Dow Diamond Center (Houston Area)
270 Abner Jackson Parkway
Lake Jackson, TX 77566
This workshop includes analyzing the essential elements of and expectations related to excipient good manufacturing practice and good distribution practices for materials intended for use in pharmaceuticals or dietary supplements.
Participants will be able to plan, conduct and document an audit of excipient manufacturing facilities for conformance to excipient GMP/GDP expectations.
Excipient makers will be able to assess their conformance to industry standards such as NSF/IPEC/ANSI 363, EXCiPACT and the IPEC PQG GMP Guide and remediate any gaps.
Excipient users will be able to: assess their suppliers for adequate conformance to industry standards, and address the EU Falsified Medicines Directive (FMD) Guideline on the formalized risk assessment for determining the appropriate good manufacturing practice for excipients of medicinal products for human use.

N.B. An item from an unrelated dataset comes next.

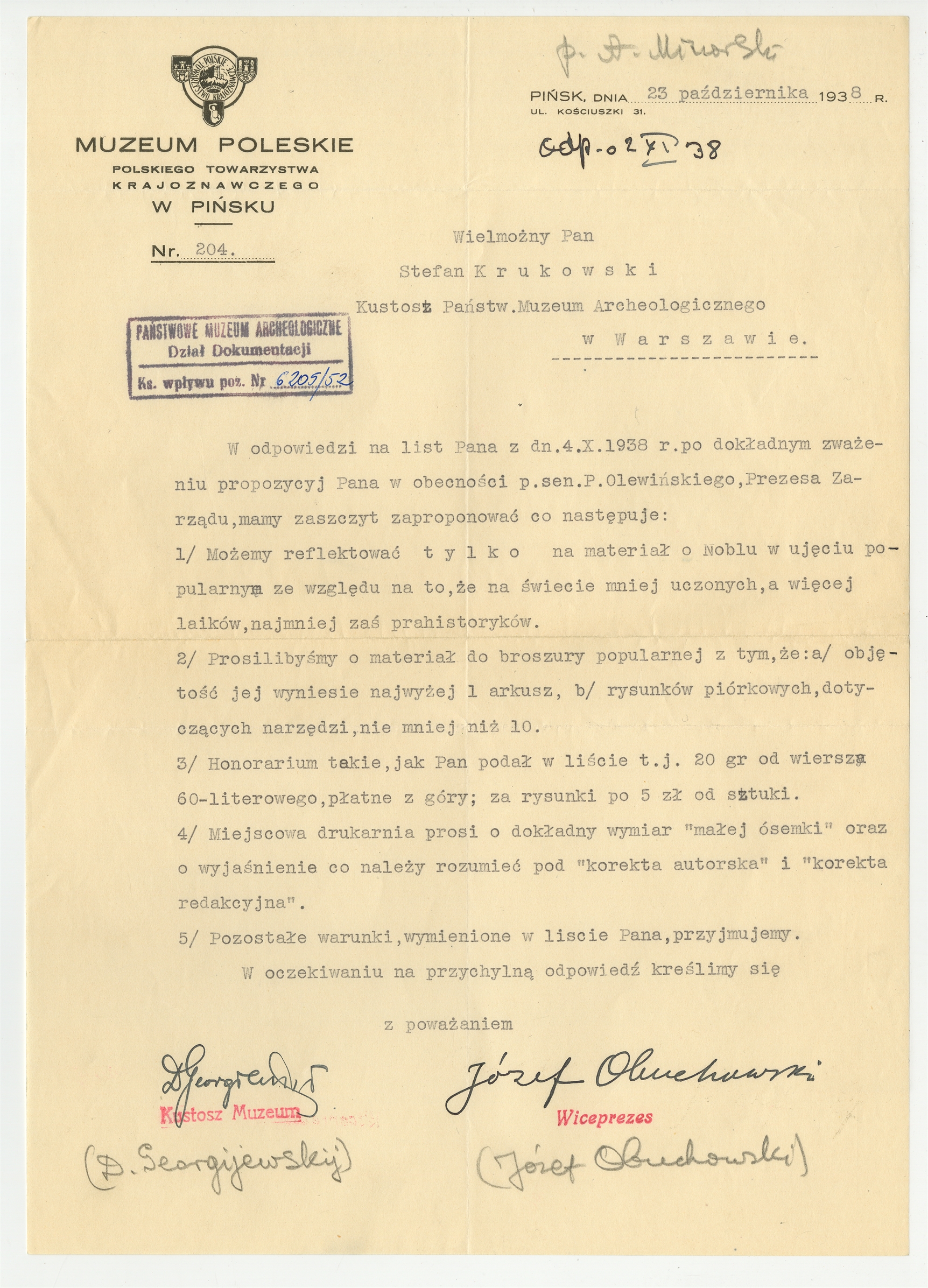Maszynopis - list z Muzeum Poleskiego w Pińsku do Stefana Krukowskiego z dnia 23 października 1938 roku

Irwin is a consultant to IPEC and the excipient industry specializing in quality assurance and regulatory compliance for pharmaceutical excipient ingredients. He also has experience in areas of quality assurance for API, medical device and drug products.
For 17 years he was Corporate Director of Quality Assurance for International Specialty Products (ISP) with responsibility for their excipient, API, and medical device products. He has worked since 1991 with the International Pharmaceutical Excipients Council (IPEC) developing guidelines for excipient GMP compliance and has represented IPEC at various conferences and at the Food & Drug Administration. Dr. Silverstein established an excipient GMP certification program that was accredited by the American National Standards Institute (ANSI) and ran the program from 2001 till 2014.

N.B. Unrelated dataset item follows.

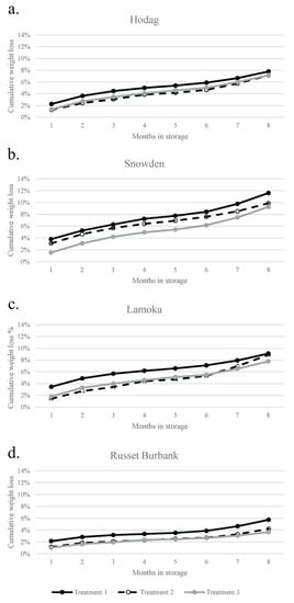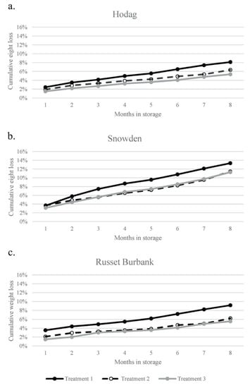 ANOVA results showed that in both years all the main effects, two-way and three-way interactions except variety × treatment interaction on monthly weight loss were significant at α = 0.05 (Table 1). In 2017 for Hodag, monthly weight loss under treatment 1 had always been higher than weight loss under the other two treatments over the eight-month storage time (Figure 4a). The same trends can be seen on Snowden and Russet Burbank (Figure 4b,c). For all three varieties under treatment 1, they lost more than 50% of their weight during the first three months of storage, and these trends under treatment 2 and 3 were not as apparent (Figure 4). Overall, cumulative weight loss of all varieties under treatment 1 were consistently higher than under treatment 2 and 3 (Figure 4).

His recent consulting has broadened to include pharmaceutical firms where he assesses conformance to site requirements. He has audited excipient manufacturers to perform a gap analysis with respect to excipient GMP compliance and has provided detailed guidance as to how to improve their conformance to excipient GMP requirements. As an experienced GMP auditor, with American Society for Quality (ASQ) Certified Quality Auditor (CQA) status as well as ISO 9000 Certified Lead Auditor training, he has developed the IPEC-Americas auditor training programs for hourly and supervisory personnel. Irwin is also serving as leader of the IPEC-Americas Excipient Learning Lab (ELL).
Sidney A. Goode Pharm D, RPh worked with Dow Chemical for thirty eight years, holding positions in chemical and toxicology research, product regulatory management, sales/marketing, FDA regulatory compliance management, quality and project management. He was also part of a team that supported the approval of products seeking regulatory acceptance for marketing; a member of the consolidated audit group qualifying and auditing suppliers, quality systems and regulatory compliance with industry standards. His career spanned intervals in the areas of industrial hygiene, medical department administration and environmental compliance. A decade was spent working part time as a co-director of a psychiatric hospital pharmacy participating in clinical trials of potential drugs and treatment regimens.
He is currently working as a consultant concentrating in areas of regulatory and quality compliance in the pharmaceutical, food and associated industries. His activities also include auditing work with International Pharmaceutical Excipient Auditing, IPEA Inc. (now operated by NSF International), and educational training through IPEC-Americas newly organized training committee. His training includes a BS degree in Biology/Chemistry, BS, Pharm D in Pharmacy, and certification in Clinical Toxicology. He has worked with International Pharmaceutical Excipient Council, IPEC, from early formation in the creation and publications of GMP and supporting guidance documents. He has held positions on the Board of Directors, and was chair of the GMP Committee for several terms.